The flood of bad news around the Euro-zone debt crisis continues: S&P revised Italy’s outlook to negative. Italy is the Euro-zone’s third largest country. Will Trichet delay the next rate hike? Updates on 5 troubled countries:
- Italy: S&P waited until the markets closed to revise the outlook to negative. The rating was left unchanged now. With growing debt, no efforts to tackle it and very weak growth of 0.1% in Q1, the Euro-zone’s third largest country is in trouble as well. This is serious.
- Spain: The Euro-zone’s fourth largest country saw protests in over 300 towns and cities. Protesters want “real democracy” and feel that political parties aren’t representing them. The demonstrations and camp-ins, also against the banks, are now illegal – demonstrations are forbidden in the day before the elections. In the meantime, the police doesn’t dissolve the protests. Is this the beginning of a “European Spring”? A lot of hidden debt is weighing on Spain.

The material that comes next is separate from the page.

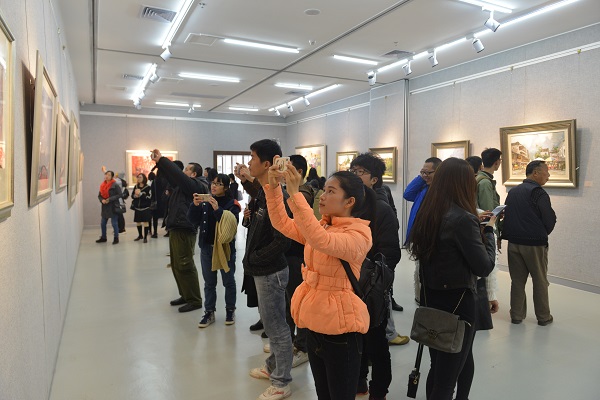 泛漓江流域自然人文资源深度开发与艺术表现研究团队是广西人文社会科学发展研究中心重点打造的特色团结之一,团队主要成员15人在首席专家、广西师范大学美术学院教授肖舜之、主要专家白晓军教授的带领下,立足泛漓江流域底蕴深厚的人文资源和特色鲜明的自然资源,发挥学科专业优势和地域、文化优势,历时四年进行深度开发、呈现,先后组织大型艺术采风3次、综合艺术沙龙5次、专家访谈6次、艺术研讨30余次,取得了系列成果。其中,汇编画册与文集各一部,举办综合汇报展览1次,还多次在全国美术作品展、全国青年美术展、中国油画展等重大展览中拔得头筹,彰显了“人文强桂”的价值追求,为泛漓江流域“有文化的发展”、“有灵魂的发展”特别是桂林历史文化旅游名城建设贡献了一笔可贵的艺术财富。这次作品展以“自然 人文 艺术 表现”为主题,共展出国画、水彩画和油画作品共150多幅,作品融思想性、艺术性、观赏性于一体,生动展现了泛漓江流域的自然美、人文美,为当代中国“有文化的发展”、“有灵魂的发展”贡献了一笔可贵的艺术成果。

- Ireland: The IMF says that Ireland may not return to bond markets so soon. Anger is growing in Ireland. Many want the country to bail out of the bailout. Lower interest rates won’t be sufficient.
- Greece: France, that was opposed to debt restructuring / reprofiling / rescheduling, is now aligned with Germany. They also acknowledged, like Merkel, there’s no other option. In addition, the IMF suspended its checkup on Greece, Fitch downgraded the credit rating once again, and Norway said it won’t offer any more help. The situation is dire and leaders are still taking their time.
- Portugal: Here, everything is going “as planned” – the IMF approved its share of the bailout package. Will it succeed? Looking at Ireland and Greece, the chances are low.
EUR/USD closed the week around the pivotal 1.4160 line, after trading higher throughout most of the week. The influx of bad news from Greece heavily weighed on the pair on Friday.
The news about Italy, and more news on the weekend (especially from Spain) are likely to weigh on the pair at the beginning of the new week.
With such a big country in trouble, Trichet is likely to wait with the next rate hike. It’s important to note that Trichet retires in October, and his successor is likely to be an Italian – Mario Draghi.